▶ Work item
Print all of the data below exactly as it appears, leaving out every image.

▶ Collected data entries
· · · ·

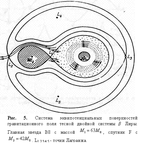 1. Характер затмений (частное, полное или центральное) определяется наклонением i и размерами звезд. Когда i = 90°, затмение центральное, как у b Лиры (рис. 5). В тех случаях, когда диск одной звезды полностью перекрывается диском другой, соответствующие области кривой блеска имеют характерные плоские участки (как у IH Кассиопеи), что говорит о постоянстве общего потока излучения системы в течение некоторого времени, пока меньшая звезда проходит перед или за диском большей. В случае только частных затмений минимумы острые (как у RX
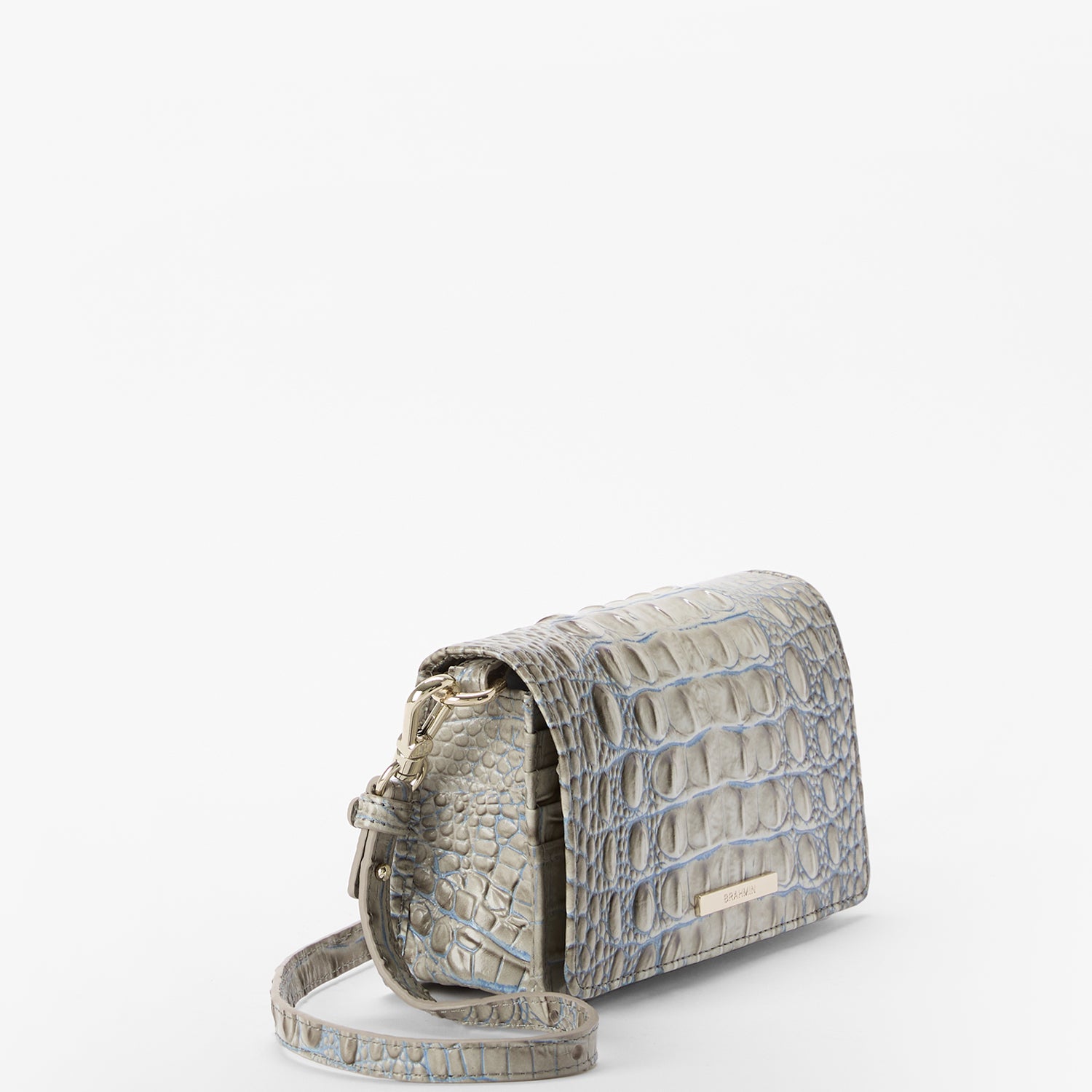 Featured in Mindful Grey Ombre Melbourne, a dimensional neutral grey. This combination of cool blues and neutrals is perfect for everyday elegance. Made with genuine leather.
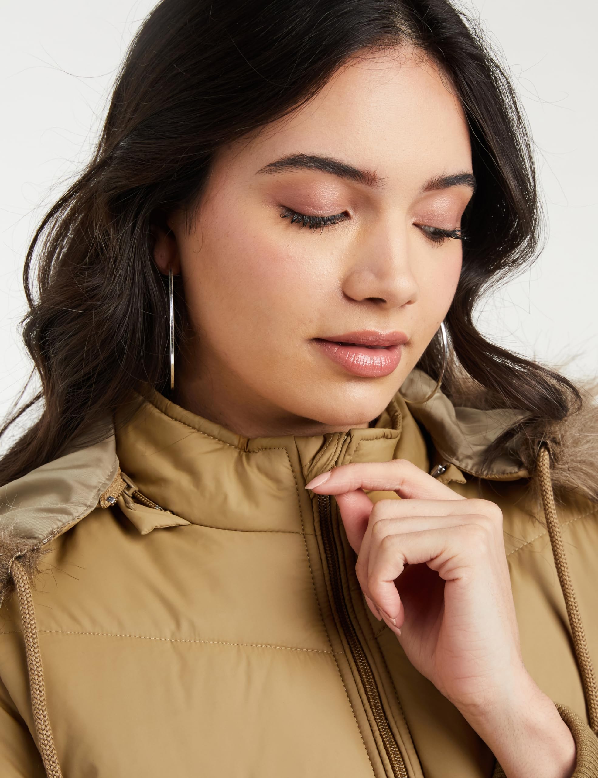 - This jacket features a collar with faux fur detail, front zipper closure and functional pockets
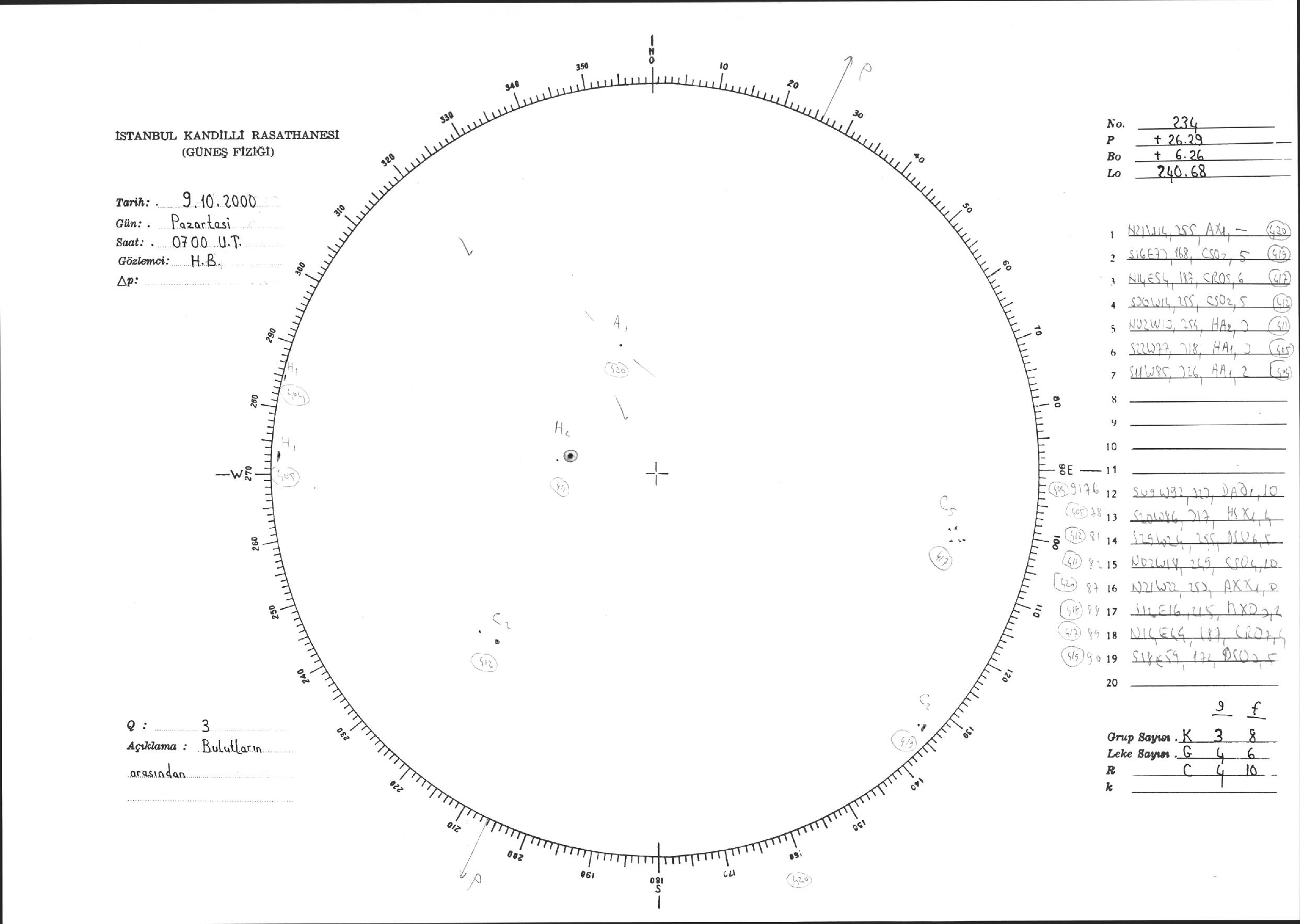 Güneş Lekesi Çizimi - 09.10.2000
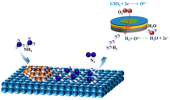Based on the above analysis, the mechanism of FeCo catalysts facilitating ammonia decomposition reaction is summarized in Figure 7. NH3 is initially adsorbed onto the active site of the metal catalyst, and the N-H bond is then broken and dehydrogenated to form metal–N compounds and adsorbed H species. As the H atoms continue to fall off, the adsorbed N atoms and H atoms finally recombine to form N2 and H2, whereas the electron transfer from the d-band of Co to Fe facilitates the desorption of the adsorbed N atoms on the surface and reduces the reaction barrier to increase the catalytic activity for the decomposition of ammonia [5,6,8]. The H2 generated from the ammonia decomposition is passed into the anode of SOFCs, through the anode gas channel. Upon contact with the active surface of the three-phase interface, the O2 at the cathode flows through the cathode channel, is adsorbed onto the surface of the cathode with catalytic reduction, and is then reduced to O2-, which migrates to the anode through the electrolyte membrane to react with H2 to generate H2O and electrons.
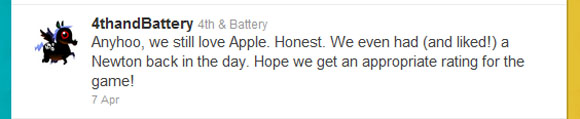Мы все еще любим Apple. Честно. У нас даже недавно был Ньютон (Apple Newton – прим.автора) и нам он нравился. Надеемся получить соответствующий рейтинг своей игре.

· · · ·

▶ Reply to the exercise
 1. Характер затмений (частное, полное или центральное) определяется наклонением i и размерами звезд. Когда i = 90°, затмение центральное, как у b Лиры (рис. 5). В тех случаях, когда диск одной звезды полностью перекрывается диском другой, соответствующие области кривой блеска имеют характерные плоские участки (как у IH Кассиопеи), что говорит о постоянстве общего потока излучения системы в течение некоторого времени, пока меньшая звезда проходит перед или за диском большей. В случае только частных затмений минимумы острые (как у RX
 Featured in Mindful Grey Ombre Melbourne, a dimensional neutral grey. This combination of cool blues and neutrals is perfect for everyday elegance. Made with genuine leather.
 - This jacket features a collar with faux fur detail, front zipper closure and functional pockets
 Güneş Lekesi Çizimi - 09.10.2000
Based on the above analysis, the mechanism of FeCo catalysts facilitating ammonia decomposition reaction is summarized in Figure 7. NH3 is initially adsorbed onto the active site of the metal catalyst, and the N-H bond is then broken and dehydrogenated to form metal–N compounds and adsorbed H species. As the H atoms continue to fall off, the adsorbed N atoms and H atoms finally recombine to form N2 and H2, whereas the electron transfer from the d-band of Co to Fe facilitates the desorption of the adsorbed N atoms on the surface and reduces the reaction barrier to increase the catalytic activity for the decomposition of ammonia [5,6,8]. The H2 generated from the ammonia decomposition is passed into the anode of SOFCs, through the anode gas channel. Upon contact with the active surface of the three-phase interface, the O2 at the cathode flows through the cathode channel, is adsorbed onto the surface of the cathode with catalytic reduction, and is then reduced to O2-, which migrates to the anode through the electrolyte membrane to react with H2 to generate H2O and electrons.
Мы все еще любим Apple. Честно. У нас даже недавно был Ньютон (Apple Newton – прим.автора) и нам он нравился. Надеемся получить соответствующий рейтинг своей игре.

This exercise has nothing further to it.